* ACTION ITEM
In the data below, find the line with "IGI CERTIFIED 2.61 Carat round lab Diamond" and the line with "Mt. Ararat’s 10th-ranked", then restate both and every line between them exactly, minus the pictures.

* LISTED ENTRIES
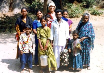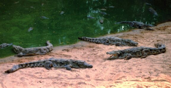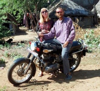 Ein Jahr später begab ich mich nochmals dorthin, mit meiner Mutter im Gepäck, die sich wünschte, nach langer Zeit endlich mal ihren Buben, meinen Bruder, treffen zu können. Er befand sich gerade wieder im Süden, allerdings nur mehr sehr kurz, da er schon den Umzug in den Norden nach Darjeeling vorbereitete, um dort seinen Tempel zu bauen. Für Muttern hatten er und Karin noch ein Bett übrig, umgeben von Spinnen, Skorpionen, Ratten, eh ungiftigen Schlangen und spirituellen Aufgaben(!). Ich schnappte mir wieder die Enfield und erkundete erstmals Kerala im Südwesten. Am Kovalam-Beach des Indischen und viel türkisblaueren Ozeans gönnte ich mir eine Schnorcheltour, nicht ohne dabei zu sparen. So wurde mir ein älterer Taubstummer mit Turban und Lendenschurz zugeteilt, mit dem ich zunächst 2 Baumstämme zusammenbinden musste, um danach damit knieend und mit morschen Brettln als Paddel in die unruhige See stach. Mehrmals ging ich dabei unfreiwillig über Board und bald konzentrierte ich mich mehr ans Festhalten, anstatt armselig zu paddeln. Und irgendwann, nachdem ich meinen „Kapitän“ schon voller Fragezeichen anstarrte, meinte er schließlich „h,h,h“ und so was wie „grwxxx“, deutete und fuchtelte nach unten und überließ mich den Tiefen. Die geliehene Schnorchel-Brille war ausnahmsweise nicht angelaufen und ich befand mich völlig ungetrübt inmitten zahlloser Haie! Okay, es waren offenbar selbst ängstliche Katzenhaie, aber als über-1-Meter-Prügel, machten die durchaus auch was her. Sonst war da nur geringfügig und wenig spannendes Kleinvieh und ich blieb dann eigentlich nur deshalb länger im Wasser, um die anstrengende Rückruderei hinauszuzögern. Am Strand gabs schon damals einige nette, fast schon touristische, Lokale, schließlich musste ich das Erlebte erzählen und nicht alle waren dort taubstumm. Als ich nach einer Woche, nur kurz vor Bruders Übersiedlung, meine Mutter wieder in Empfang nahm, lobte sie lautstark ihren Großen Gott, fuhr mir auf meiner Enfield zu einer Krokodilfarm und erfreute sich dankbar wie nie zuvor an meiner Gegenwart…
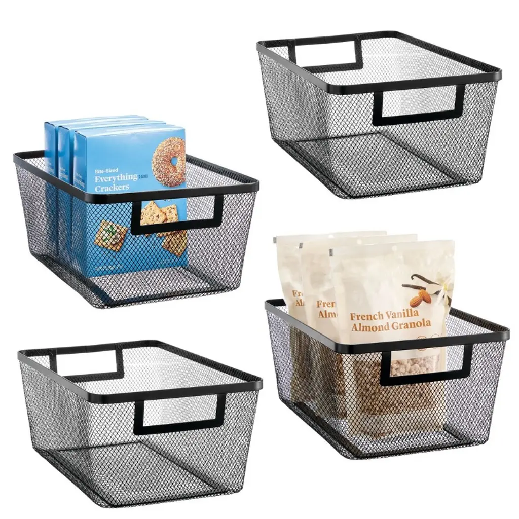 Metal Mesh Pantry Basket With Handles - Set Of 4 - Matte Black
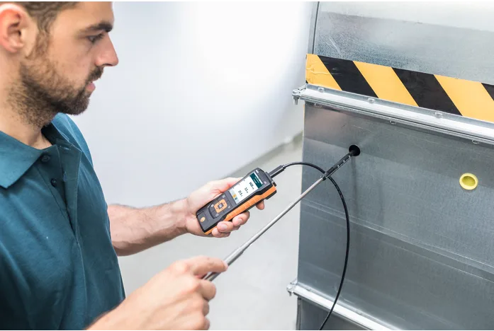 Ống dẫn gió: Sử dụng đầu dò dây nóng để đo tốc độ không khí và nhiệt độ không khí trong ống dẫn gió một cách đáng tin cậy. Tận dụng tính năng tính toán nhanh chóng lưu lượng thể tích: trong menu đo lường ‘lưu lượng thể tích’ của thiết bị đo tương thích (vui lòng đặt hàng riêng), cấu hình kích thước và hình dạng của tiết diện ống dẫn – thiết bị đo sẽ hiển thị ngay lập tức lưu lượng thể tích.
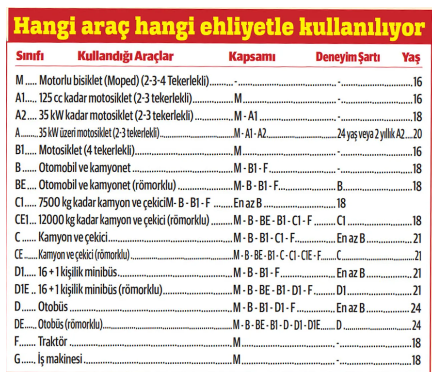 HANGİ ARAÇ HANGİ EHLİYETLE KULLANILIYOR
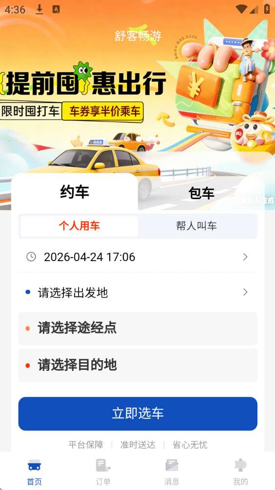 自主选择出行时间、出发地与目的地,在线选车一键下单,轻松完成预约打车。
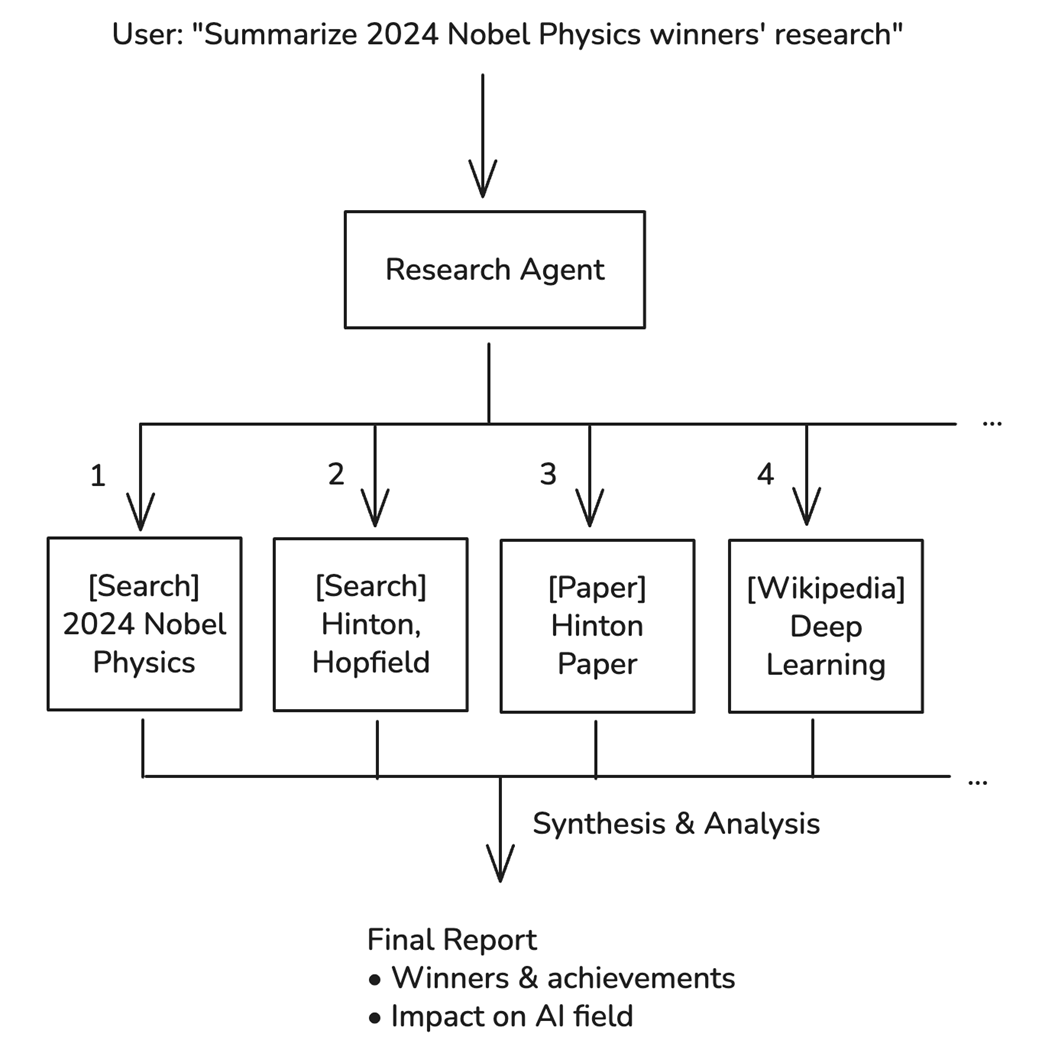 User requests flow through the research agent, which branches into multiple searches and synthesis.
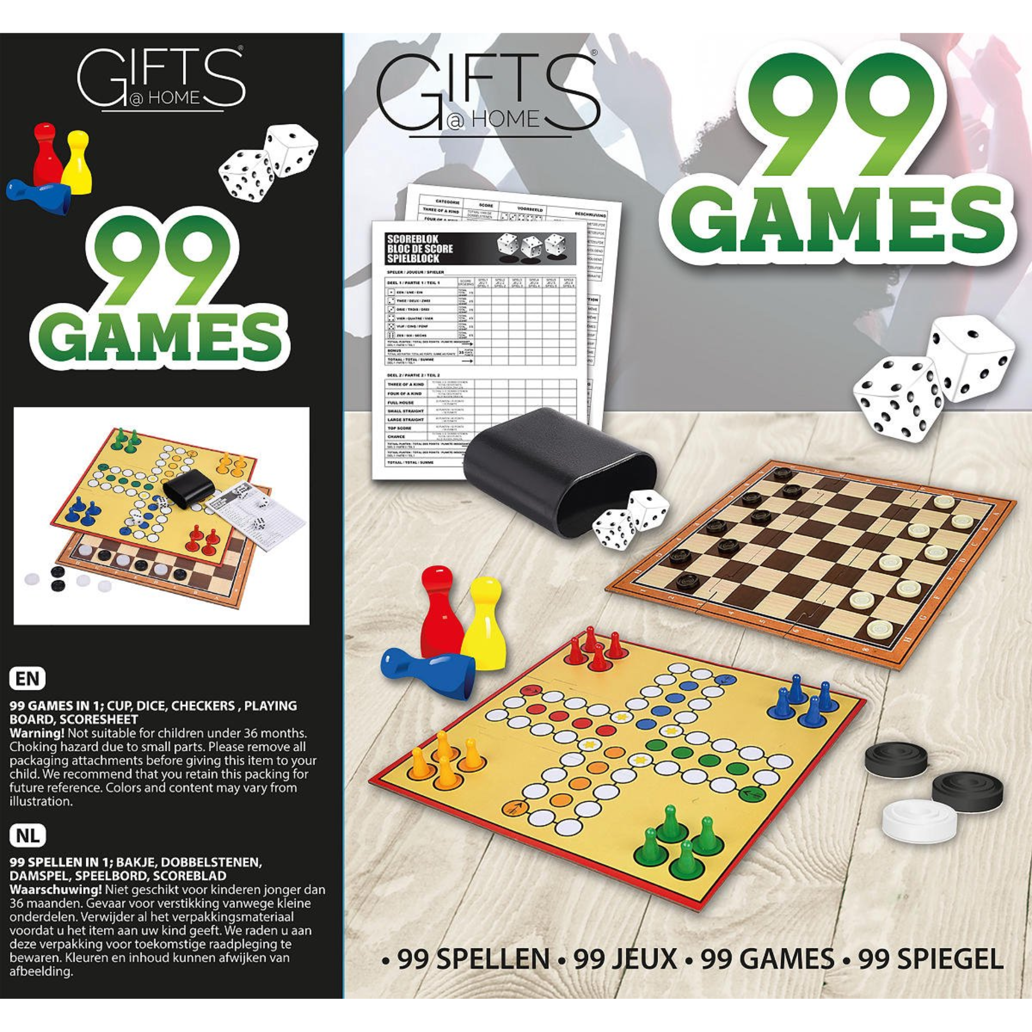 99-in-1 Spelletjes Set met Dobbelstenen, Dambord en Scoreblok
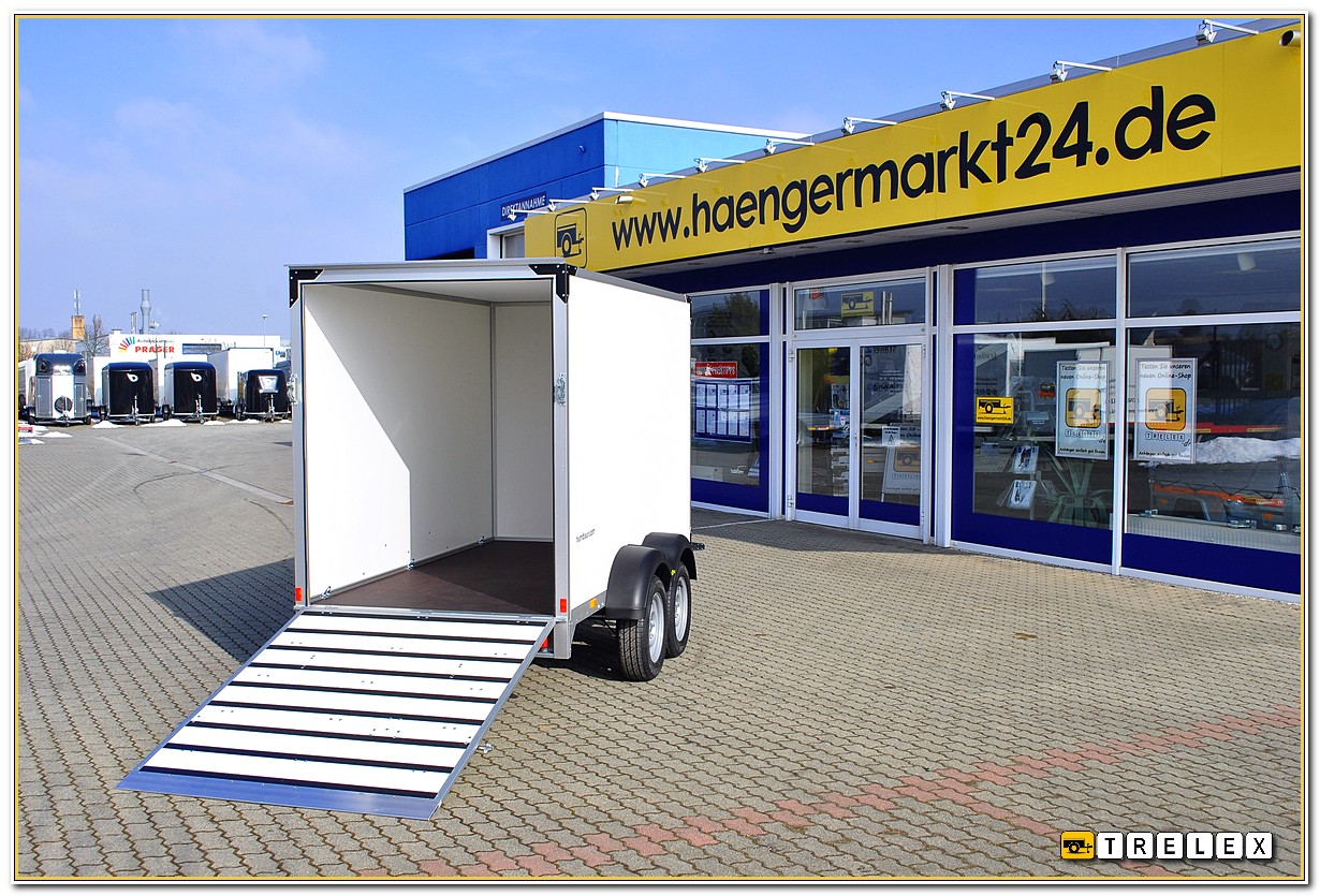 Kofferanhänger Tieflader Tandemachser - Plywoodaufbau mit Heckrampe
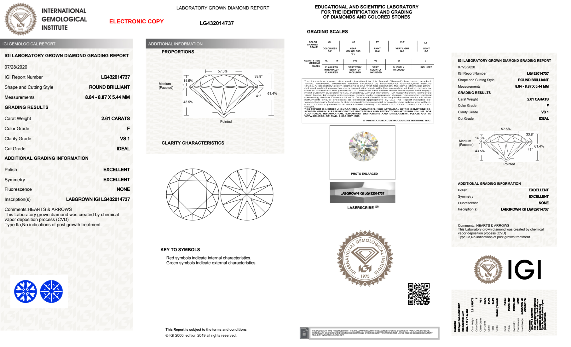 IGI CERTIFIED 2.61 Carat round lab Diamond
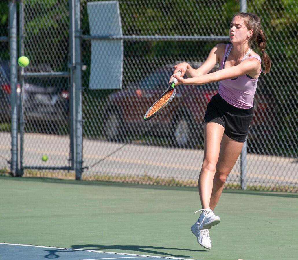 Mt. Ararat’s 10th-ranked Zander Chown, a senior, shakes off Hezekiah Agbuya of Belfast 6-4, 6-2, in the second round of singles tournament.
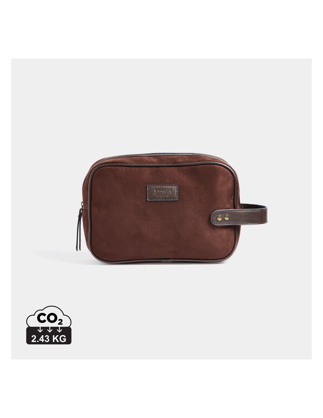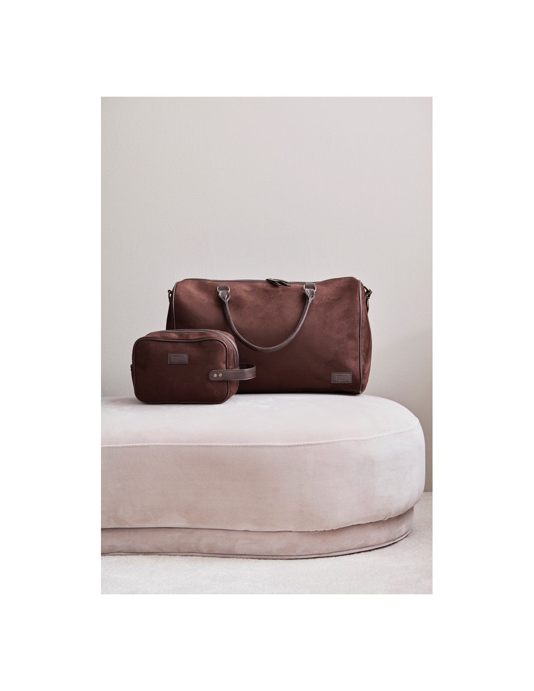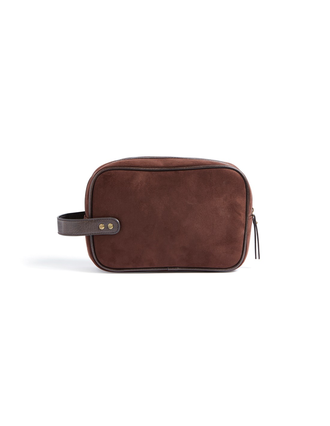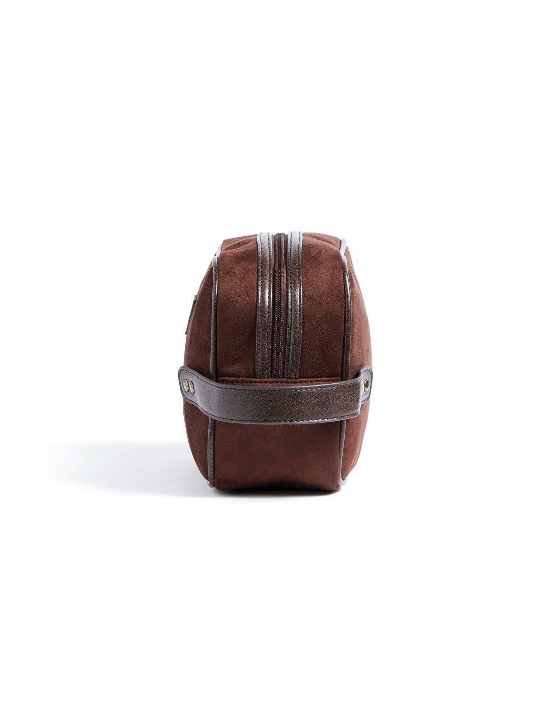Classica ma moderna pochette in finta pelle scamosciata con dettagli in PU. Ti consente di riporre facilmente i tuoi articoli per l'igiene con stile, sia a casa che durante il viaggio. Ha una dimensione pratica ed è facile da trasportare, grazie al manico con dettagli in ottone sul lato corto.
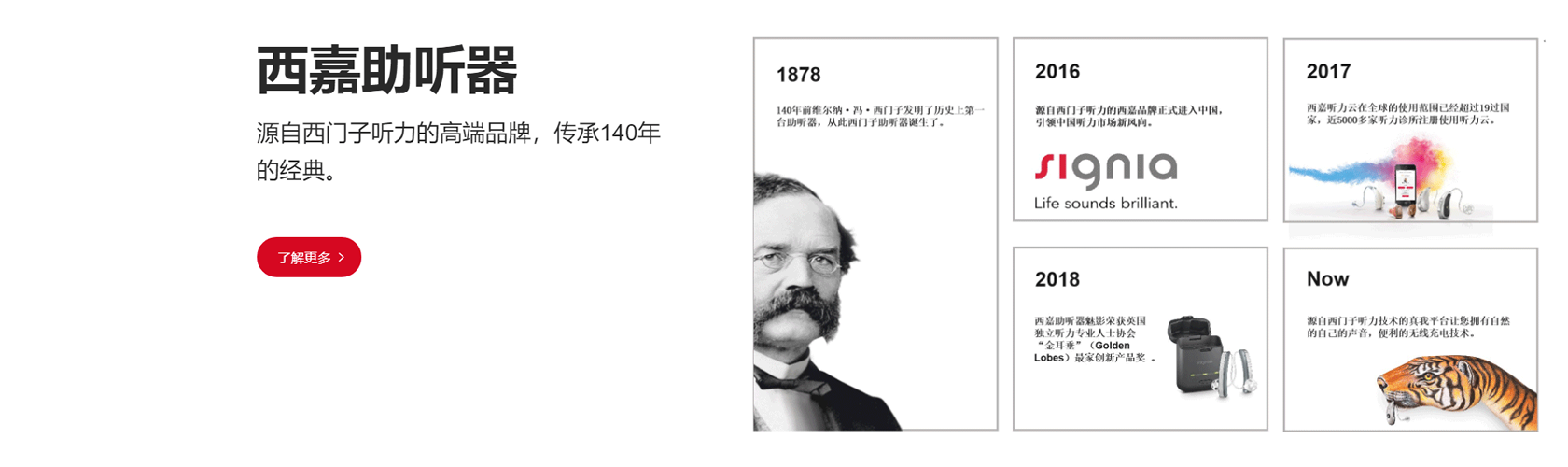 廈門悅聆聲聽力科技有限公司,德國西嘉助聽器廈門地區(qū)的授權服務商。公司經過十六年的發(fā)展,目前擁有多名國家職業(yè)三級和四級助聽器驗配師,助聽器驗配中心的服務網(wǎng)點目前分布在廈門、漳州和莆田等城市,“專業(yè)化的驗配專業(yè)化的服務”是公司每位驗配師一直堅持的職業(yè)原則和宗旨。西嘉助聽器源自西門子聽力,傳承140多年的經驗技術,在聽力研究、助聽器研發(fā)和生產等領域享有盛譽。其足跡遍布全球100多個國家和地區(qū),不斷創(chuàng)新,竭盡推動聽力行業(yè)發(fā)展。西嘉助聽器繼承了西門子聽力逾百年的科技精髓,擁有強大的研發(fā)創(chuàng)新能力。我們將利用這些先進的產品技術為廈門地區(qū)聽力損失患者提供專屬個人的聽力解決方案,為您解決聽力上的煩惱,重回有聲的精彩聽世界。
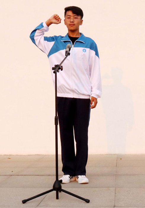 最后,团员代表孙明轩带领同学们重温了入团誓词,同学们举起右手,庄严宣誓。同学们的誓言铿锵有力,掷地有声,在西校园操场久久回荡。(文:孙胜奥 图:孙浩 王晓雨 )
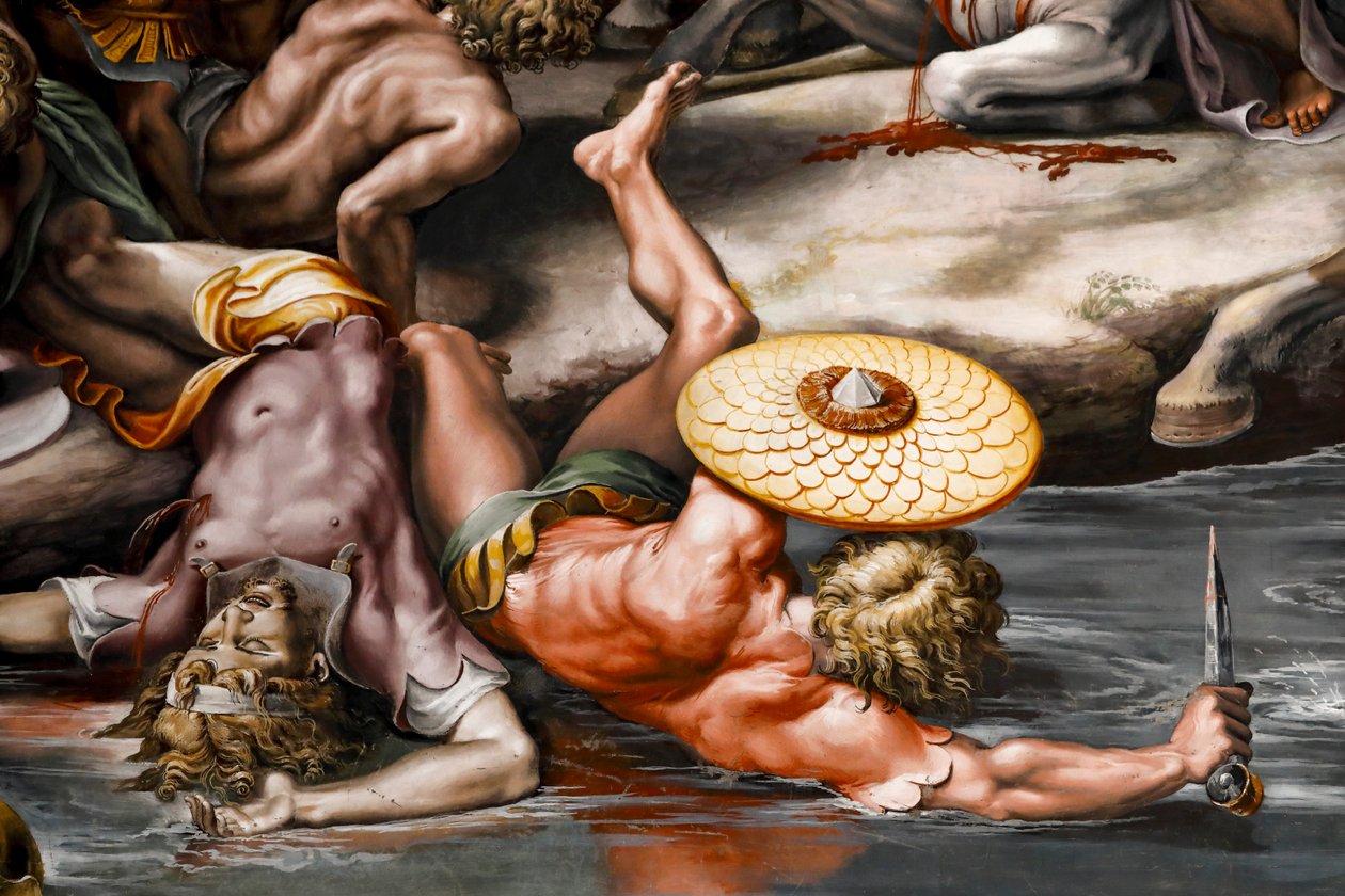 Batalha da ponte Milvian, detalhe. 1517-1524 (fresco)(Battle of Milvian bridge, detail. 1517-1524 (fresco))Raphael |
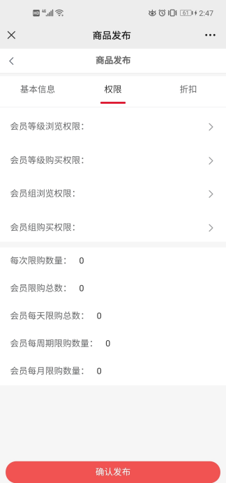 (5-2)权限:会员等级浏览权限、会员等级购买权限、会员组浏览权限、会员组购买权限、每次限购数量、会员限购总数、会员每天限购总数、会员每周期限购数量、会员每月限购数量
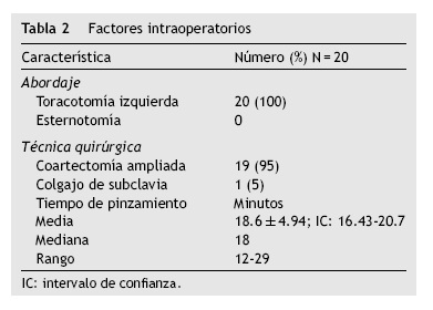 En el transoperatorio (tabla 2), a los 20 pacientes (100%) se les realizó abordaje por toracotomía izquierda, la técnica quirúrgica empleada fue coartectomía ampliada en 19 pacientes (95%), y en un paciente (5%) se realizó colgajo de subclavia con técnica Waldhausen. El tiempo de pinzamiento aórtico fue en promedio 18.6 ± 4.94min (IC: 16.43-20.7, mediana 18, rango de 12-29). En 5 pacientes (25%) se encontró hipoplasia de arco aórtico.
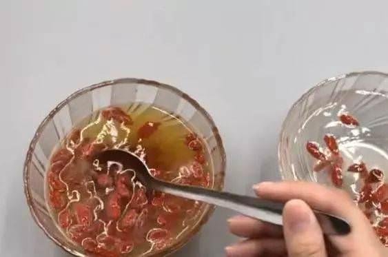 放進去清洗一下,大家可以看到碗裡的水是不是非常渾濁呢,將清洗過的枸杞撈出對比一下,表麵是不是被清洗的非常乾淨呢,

* OUTPUT
 IGI CERTIFIED 2.61 Carat round lab Diamond
 Mt. Ararat’s 10th-ranked Zander Chown, a senior, shakes off Hezekiah Agbuya of Belfast 6-4, 6-2, in the second round of singles tournament.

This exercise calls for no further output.